Before using DeepSeek-R1, ensure that you have the latest version of the OpenAI SDK installed. You can upgrade it using the following command:

pip3 install -U openai

API parameters

  • Input parameters:

    • max_tokens:Maximum length of the response (including reasoning chain output), Among the models listed above, the maximum value of max_tokens for deepseek-ai/DeepSeek-R1 is 8K, and for other models, it is 16K.
  • Return parameters:

    • reasoning_content:Reasoning chain content, at the same level as content.

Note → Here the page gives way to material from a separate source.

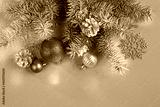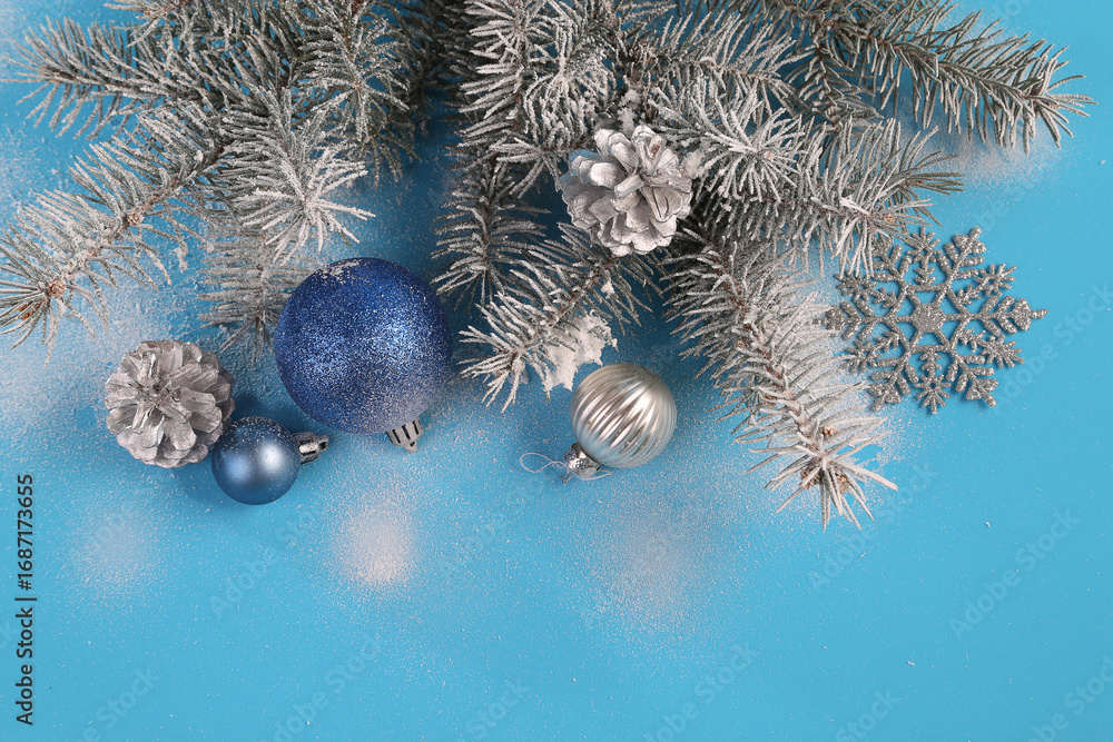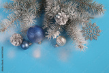 Christmas card with fir branches and Christmas decorations on a light blue background

    • content:Final answer content

  • Usage Recommendations

    • Set the temperature within the range of 0.5-0.7 (0.6 is recommended) to prevent endless repetitions or incoherent outputs.
    • Avoid adding a system prompt; all instructions should be contained within the user prompt
    • For mathematical problems, it is advisable to include a directive in your prompt such as: “Please reason step by step, and put your final answer within \boxed.”
    • the DeepSeek-R1 series models tend to bypass thinking pattern (i.e., outputting "<think>\n\n</think>") when responding to certain queries, which can adversely affect the model’s performance. To ensure that the model engages in thorough reasoning, we recommend enforcing the model to initiate its response with "<think>\n" at the beginning of every output.

Context concatenation

During each round of the conversation, the model outputs the reasoning chain content (reasoning_content) and the final answer (content). In the next round of the conversation, the reasoning chain content from the previous rounds will not be concatenated to the context.

OpenAI request examples

Stream Mode Request

from openai import OpenAI

url = 'https://api.siliconflow.cn/v1/'
api_key = 'your api_key'

client = OpenAI(
    base_url=url,
    api_key=api_key
)

# 发送带有流式输出的请求
content = ""
reasoning_content=""
messages = [
    {"role": "user", "content": "奥运会的传奇名将有哪些?"}
]
response = client.chat.completions.create(
    model="deepseek-ai/DeepSeek-R1",
    messages=messages,
    stream=True,  # 启用流式输出
    max_tokens=4096
)
# 逐步接收并处理响应
for chunk in response:
    if chunk.choices[0].delta.content:
        content += chunk.choices[0].delta.content
    if chunk.choices[0].delta.reasoning_content:
        reasoning_content += chunk.choices[0].delta.reasoning_content

# Round 2
messages.append({"role": "assistant", "content": content})
messages.append({'role': 'user', 'content': "继续"})
response = client.chat.completions.create(
    model="deepseek-ai/DeepSeek-R1",
    messages=messages,
    stream=True
)

Non-Stream Mode Request

from openai import OpenAI
url = 'https://api.siliconflow.cn/v1/'
api_key = 'your api_key'

client = OpenAI(
    base_url=url,
    api_key=api_key
)

# 发送非流式输出的请求
messages = [
    {"role": "user", "content": "奥运会的传奇名将有哪些?"}
]
response = client.chat.completions.create(
    model="deepseek-ai/DeepSeek-R1",
    messages=messages,
    stream=False, 
    max_tokens=4096
)
content = response.choices[0].message.content
reasoning_content = response.choices[0].message.reasoning_content

# Round 2
messages.append({"role": "assistant", "content": content})
messages.append({'role': 'user', 'content': "继续"})
response = client.chat.completions.create(
    model="deepseek-ai/DeepSeek-R1",
    messages=messages,
    stream=False
)

Notes

  • API Key: Ensure you use the correct API key for authentication.
  • Stream Mode: Stream mode is suitable for scenarios where responses need to be received incrementally, while non-stream mode is suitable for scenarios where a complete response is needed at once.

Common questions

  • How to obtain the API key?

    Please visit SiliconFlow to register and obtain the API key.

  • How to handle long text?

    You can adjust the max_tokens parameter to control the length of the output, but please note that the maximum length is 16K.